In 1843, senior civil servant Henry Cole wanted to get more people using the post. Three years earlier he had helped found the Penny Post, the system which meant a letter could be sent for the price of a penny instead of the previously hefty postage fees which only the rich had been able to afford. Now Henry wanted to give ordinary people more reasons to connect with each other through the post. And here lighting struck – or perhaps, à la Isaac Newton and his apple, he was standing under one of those trendy new German imports, a Christmas tree, and a bauble bounced on his bonce. Or perhaps not. But what definitely did happen is that he decided to team up with painter pal John Callcott Horsley to design the first commercial Christmas cards.

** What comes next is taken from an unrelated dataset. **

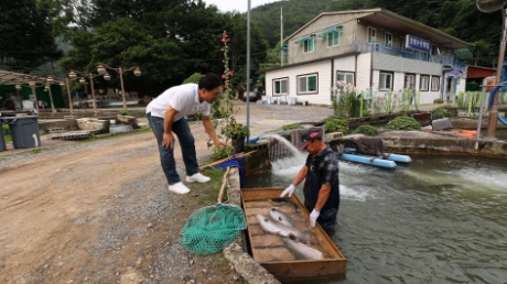 미탄면 인근을 걷던 이만기는 송어길이라고 적혀 있는 표지판을 발견했습니다. 김정란씨의 시아버지가 미국에서 평창으로 송어를 들여와 강원도에서 처음으로 시작된 송어 양식장입니다. 오늘날 '송어의 본고장'이 있기 까지 김정란씨의 남편이 송어 양식장을 이어받았습니다. 끝없는 노력으로 발안란을 만드는 독보적 기술을 가질 수 있었습니다.

The first commercial Christmas card, designed by Sir Henry Cole and John Callcott Horsley
John’s illustration featured charitable people helping the poor on the left and right of the card, with a central image of a family raising a glass of wine to the card’s recipient but – RING THE VICTORIAN MORAL OUTRAGE ALARM! – the kids were guzzling the vino too! Some of the public were apparently not best pleased with this. Though it didn’t seem to harm sales as the modest batch of 2000 cards Henry printed all sold out. And a new Christmas tradition was born.
Throughout the 19th century, as the post became cheaper across Europe and the US, and printing processes easier, the trend grew and spread across the world. In Britain, images of juvenile winos lost out in the fashionable card stakes to winter wonderland scenes, in memory of the snow that enveloped the country in the Christmas of 1836. Robins were also popular, though not for reasons you may have realized: in the mid-1800s, postmen wore red waistcoats and so those cheeky Victorian ragamuffins nicknamed them Robin Redbreasts – the robins pictured on cards represented the men carrying them in their sacks.
Annie Oakley, sharpest shooter in the West
But what about personalized holiday cards? Something which is close to our hearts at Papier. Apparently it was celebrity sharpshooter Annie Oakley, international star of Buffalo Bill’s Wild West show who sent the first ones. Whilst on tour in Scotland during Christmas 1891 she had a photo of herself taken in a kilt, designed a card featuring the image and had them printed by a local printer. Then she sent them to her friends and family back home in the States. Now when you design your Papier Christmas photo cards you can think to yourself that you’re following in the footsteps of Annie.